After a candid conversation, the two reconnected as the friends they once were. “Dave said, ‘I’d love to have you back, if you want to be here. The door’s open; let’s saddle up and go,’ ” Ellefson says. “So I threw a bass in my car and called my wife, who said, ‘Go! You should be in Megadeth.’ She always knew that not being in Megadeth was an unresolved issue in my life. It was an unresolved issue with the fans, and probably an unresolved issue with Dave, too. So coming back and doing this, it’s what it’s supposed to be.”
The group convened the next day in San Diego for rehearsals and worked up a set list that includes songs from Endgame, the entire ‘Rust in Peace’ record and such fan favorites as “Symphony of Destruction,” “Trust” and “Peace Sells,” with its instantly recognizable bassline. Even non-metalheads are likely familiar with Ellefson’s thumping riff: MTV News used it for years as its theme music.

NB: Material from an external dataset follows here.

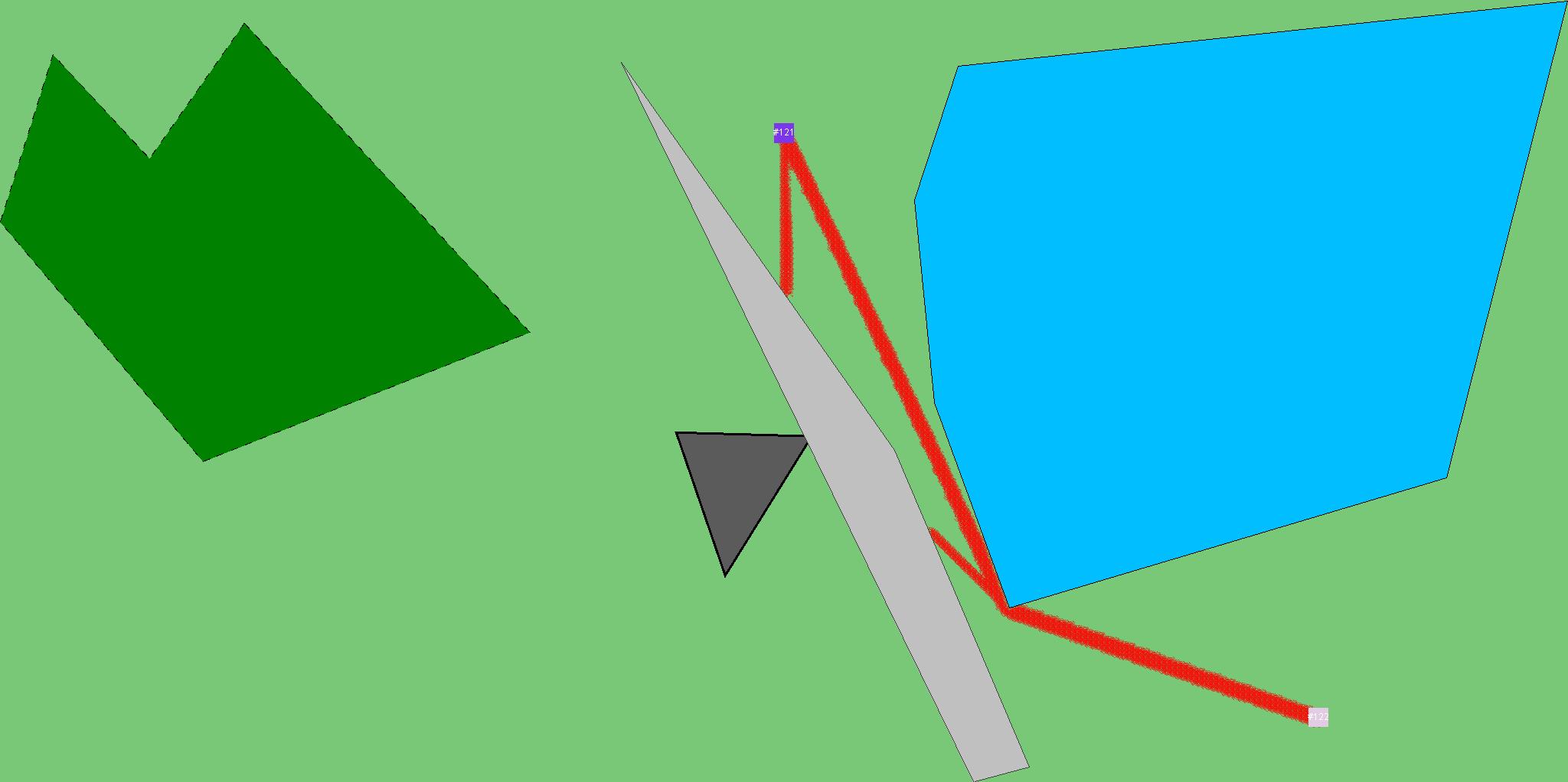 Красным цветом показаны места, где, вероятнее всего, появятся стихийные тропы..

“It’s a great feeling to play ‘Peace Sells’ every night. If you’re a metalhead, that is the soundtrack to your life in some way. To be the guy to have played that line and then have it become so pronounced in mainstream culture because of MTV, it’s cool,” says Ellefson, who wrote the signature intro with Mustaine. “That was a true partnership with me and Dave.”

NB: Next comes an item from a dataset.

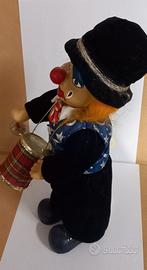 Pagliaccio con tamburo, giocattolo vintage. Scheletro in legno, ben rivestito con stoffe assortite.

Megadeth will form another heavy-hitting partnership this summer when the band plays a series of festival shows in Europe with Metallica, Anthrax and Slayer, the “Big Four” of thrash metal.
Ellefson sees the concerts as a salute to the staying power of their genre.
“This shows that thrash is not going away. By all of us locking arms and joining into this brigade together, it’s a testimony to how huge this movement has become,” he says. “It’s something we’ve created, something that is uniquely ours to have forever. We’ve lived to tell about it.”
And while 2010 doesn’t seem likely, Ellefson won’t rule out an eventual Big Four show in the United States. For now, though, he’s focused on readjusting to the whirlwind that is life in a touring rock band. It was only early February when Ellefson rejoined the group, and shortly after, he was rehearsing for the tour, shooting a video for Endgame’s “The Right to Go Insane” (a song he says was written while he was still in the group) and recording on a new song.
“Dave asked, ‘Are you in?’ I said, ‘Yeah,’ and he gave me a big hug and said, ‘Good, play on a new track!’” Ellefson recalls. “It was a great on-ramp back onto the Megadeth freeway.” And a road that headbangers are hoping will go on forever.